Records contained in a dataset
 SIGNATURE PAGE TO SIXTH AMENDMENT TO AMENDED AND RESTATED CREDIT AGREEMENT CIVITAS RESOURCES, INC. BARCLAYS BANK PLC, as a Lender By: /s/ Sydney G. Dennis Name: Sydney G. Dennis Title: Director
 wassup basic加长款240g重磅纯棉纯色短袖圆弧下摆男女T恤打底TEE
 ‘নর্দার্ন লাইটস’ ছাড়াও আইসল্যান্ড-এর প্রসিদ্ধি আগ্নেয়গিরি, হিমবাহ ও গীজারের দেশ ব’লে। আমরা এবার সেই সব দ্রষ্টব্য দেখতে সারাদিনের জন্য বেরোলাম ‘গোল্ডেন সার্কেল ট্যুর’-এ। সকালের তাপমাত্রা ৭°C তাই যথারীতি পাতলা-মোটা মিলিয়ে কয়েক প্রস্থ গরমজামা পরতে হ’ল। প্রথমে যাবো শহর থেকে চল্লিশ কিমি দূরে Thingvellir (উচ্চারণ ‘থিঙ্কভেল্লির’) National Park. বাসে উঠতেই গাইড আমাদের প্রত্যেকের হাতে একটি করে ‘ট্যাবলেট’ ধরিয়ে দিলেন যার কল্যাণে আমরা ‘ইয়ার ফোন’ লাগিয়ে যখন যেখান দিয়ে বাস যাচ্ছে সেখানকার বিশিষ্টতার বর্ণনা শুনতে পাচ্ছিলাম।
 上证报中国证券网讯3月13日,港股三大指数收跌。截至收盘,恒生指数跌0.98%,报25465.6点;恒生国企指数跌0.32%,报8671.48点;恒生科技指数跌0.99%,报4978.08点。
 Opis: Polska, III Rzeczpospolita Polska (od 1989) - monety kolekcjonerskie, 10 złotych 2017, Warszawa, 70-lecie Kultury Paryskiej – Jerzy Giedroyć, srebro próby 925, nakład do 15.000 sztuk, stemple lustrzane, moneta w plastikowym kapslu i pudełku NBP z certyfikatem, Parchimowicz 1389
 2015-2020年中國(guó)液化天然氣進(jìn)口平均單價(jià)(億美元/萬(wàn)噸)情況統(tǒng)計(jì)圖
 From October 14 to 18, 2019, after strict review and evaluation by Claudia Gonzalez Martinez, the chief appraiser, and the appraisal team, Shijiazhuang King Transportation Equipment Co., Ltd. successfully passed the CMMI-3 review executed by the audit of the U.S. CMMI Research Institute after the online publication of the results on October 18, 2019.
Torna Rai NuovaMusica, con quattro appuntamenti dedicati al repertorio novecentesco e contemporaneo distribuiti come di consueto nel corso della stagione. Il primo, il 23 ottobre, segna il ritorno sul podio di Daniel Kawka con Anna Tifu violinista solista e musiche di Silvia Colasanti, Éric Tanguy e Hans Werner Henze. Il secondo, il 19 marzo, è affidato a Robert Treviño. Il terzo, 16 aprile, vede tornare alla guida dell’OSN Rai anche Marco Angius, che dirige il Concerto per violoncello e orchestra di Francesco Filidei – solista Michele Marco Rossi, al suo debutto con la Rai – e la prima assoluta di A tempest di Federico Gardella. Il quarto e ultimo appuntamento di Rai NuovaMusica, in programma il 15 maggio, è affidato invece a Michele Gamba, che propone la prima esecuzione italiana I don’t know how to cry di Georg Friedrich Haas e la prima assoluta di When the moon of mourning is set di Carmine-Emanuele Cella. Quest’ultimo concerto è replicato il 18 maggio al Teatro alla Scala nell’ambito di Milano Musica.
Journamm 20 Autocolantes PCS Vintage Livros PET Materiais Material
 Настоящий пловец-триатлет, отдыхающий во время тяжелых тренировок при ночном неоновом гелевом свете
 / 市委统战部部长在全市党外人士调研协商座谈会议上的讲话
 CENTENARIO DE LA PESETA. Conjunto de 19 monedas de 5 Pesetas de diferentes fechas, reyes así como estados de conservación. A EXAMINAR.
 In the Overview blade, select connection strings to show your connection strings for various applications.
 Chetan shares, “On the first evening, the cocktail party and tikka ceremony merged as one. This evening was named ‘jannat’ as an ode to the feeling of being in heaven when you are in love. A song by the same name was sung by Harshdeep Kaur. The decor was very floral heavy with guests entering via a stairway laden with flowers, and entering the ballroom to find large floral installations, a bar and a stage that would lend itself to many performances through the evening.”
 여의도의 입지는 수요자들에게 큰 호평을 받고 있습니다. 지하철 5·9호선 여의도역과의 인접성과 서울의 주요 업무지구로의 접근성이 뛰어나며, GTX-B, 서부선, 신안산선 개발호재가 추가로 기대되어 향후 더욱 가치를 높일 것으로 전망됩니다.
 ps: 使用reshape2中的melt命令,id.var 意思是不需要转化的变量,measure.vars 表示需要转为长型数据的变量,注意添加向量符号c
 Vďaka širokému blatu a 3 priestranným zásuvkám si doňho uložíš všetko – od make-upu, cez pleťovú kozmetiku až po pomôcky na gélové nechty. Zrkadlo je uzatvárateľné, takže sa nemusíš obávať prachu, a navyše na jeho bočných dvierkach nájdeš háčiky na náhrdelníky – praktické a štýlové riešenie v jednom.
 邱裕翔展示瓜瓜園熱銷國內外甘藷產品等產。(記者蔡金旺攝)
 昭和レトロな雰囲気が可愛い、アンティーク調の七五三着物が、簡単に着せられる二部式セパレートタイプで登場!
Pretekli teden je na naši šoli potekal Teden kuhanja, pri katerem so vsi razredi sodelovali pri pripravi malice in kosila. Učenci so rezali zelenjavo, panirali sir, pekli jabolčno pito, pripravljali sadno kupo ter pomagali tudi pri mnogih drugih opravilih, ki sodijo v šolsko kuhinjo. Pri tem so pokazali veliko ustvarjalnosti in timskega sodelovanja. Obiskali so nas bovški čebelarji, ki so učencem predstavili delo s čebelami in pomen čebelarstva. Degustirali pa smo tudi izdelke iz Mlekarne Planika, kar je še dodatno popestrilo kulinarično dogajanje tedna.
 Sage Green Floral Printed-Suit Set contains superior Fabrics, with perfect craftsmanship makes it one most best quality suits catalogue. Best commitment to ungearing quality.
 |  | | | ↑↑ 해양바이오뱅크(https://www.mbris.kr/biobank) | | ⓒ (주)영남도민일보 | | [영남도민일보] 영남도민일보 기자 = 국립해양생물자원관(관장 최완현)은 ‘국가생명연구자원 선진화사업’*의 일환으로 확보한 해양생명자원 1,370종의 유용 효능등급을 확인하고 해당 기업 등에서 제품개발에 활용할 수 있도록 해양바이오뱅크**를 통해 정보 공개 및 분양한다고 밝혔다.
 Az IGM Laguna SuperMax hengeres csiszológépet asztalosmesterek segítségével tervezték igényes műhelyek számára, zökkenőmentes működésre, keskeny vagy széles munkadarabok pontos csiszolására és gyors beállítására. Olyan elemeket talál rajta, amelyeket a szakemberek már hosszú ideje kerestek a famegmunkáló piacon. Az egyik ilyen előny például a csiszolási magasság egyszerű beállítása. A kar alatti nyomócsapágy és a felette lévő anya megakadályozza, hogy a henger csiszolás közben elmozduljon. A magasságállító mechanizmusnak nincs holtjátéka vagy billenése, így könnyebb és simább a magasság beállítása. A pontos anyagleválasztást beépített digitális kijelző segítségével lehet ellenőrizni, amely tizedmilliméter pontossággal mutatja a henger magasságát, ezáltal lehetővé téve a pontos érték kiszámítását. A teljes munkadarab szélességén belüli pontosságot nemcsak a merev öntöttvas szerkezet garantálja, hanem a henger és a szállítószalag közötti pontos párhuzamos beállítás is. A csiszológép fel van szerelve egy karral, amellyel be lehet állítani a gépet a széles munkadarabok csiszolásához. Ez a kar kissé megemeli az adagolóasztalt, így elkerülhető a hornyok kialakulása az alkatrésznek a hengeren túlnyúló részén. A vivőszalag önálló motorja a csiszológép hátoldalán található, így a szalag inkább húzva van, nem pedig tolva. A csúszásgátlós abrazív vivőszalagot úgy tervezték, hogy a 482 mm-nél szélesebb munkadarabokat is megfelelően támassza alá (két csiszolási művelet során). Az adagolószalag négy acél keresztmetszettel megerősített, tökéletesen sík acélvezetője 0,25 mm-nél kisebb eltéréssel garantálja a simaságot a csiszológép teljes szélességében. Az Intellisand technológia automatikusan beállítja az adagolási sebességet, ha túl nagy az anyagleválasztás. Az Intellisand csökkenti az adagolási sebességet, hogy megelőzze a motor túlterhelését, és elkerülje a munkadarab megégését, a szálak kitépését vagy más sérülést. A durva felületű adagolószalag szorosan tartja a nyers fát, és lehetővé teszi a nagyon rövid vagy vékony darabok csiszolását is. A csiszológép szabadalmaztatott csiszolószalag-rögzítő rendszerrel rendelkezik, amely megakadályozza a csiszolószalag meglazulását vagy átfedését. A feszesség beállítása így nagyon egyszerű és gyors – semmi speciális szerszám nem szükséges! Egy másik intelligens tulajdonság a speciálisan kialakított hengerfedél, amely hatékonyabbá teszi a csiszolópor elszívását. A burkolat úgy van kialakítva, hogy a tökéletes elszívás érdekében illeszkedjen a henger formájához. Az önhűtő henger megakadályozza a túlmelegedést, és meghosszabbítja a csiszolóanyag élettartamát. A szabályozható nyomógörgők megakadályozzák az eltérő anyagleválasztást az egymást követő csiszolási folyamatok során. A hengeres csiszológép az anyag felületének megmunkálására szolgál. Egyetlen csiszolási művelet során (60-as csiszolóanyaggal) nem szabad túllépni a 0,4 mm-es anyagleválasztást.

- _REQUIRED ACTION_: The lines to extract from the data above begin with the line containing "Journamm 20 Autocolantes" and end with the line containing "ps: 使用reshape2". Extract them exactly, including both.

- _SOLVED PROBLEM_:
Journamm 20 Autocolantes PCS Vintage Livros PET Materiais Material
 Настоящий пловец-триатлет, отдыхающий во время тяжелых тренировок при ночном неоновом гелевом свете
 / 市委统战部部长在全市党外人士调研协商座谈会议上的讲话
 CENTENARIO DE LA PESETA. Conjunto de 19 monedas de 5 Pesetas de diferentes fechas, reyes así como estados de conservación. A EXAMINAR.
 In the Overview blade, select connection strings to show your connection strings for various applications.
 Chetan shares, “On the first evening, the cocktail party and tikka ceremony merged as one. This evening was named ‘jannat’ as an ode to the feeling of being in heaven when you are in love. A song by the same name was sung by Harshdeep Kaur. The decor was very floral heavy with guests entering via a stairway laden with flowers, and entering the ballroom to find large floral installations, a bar and a stage that would lend itself to many performances through the evening.”
 여의도의 입지는 수요자들에게 큰 호평을 받고 있습니다. 지하철 5·9호선 여의도역과의 인접성과 서울의 주요 업무지구로의 접근성이 뛰어나며, GTX-B, 서부선, 신안산선 개발호재가 추가로 기대되어 향후 더욱 가치를 높일 것으로 전망됩니다.
 ps: 使用reshape2中的melt命令,id.var 意思是不需要转化的变量,measure.vars 表示需要转为长型数据的变量,注意添加向量符号c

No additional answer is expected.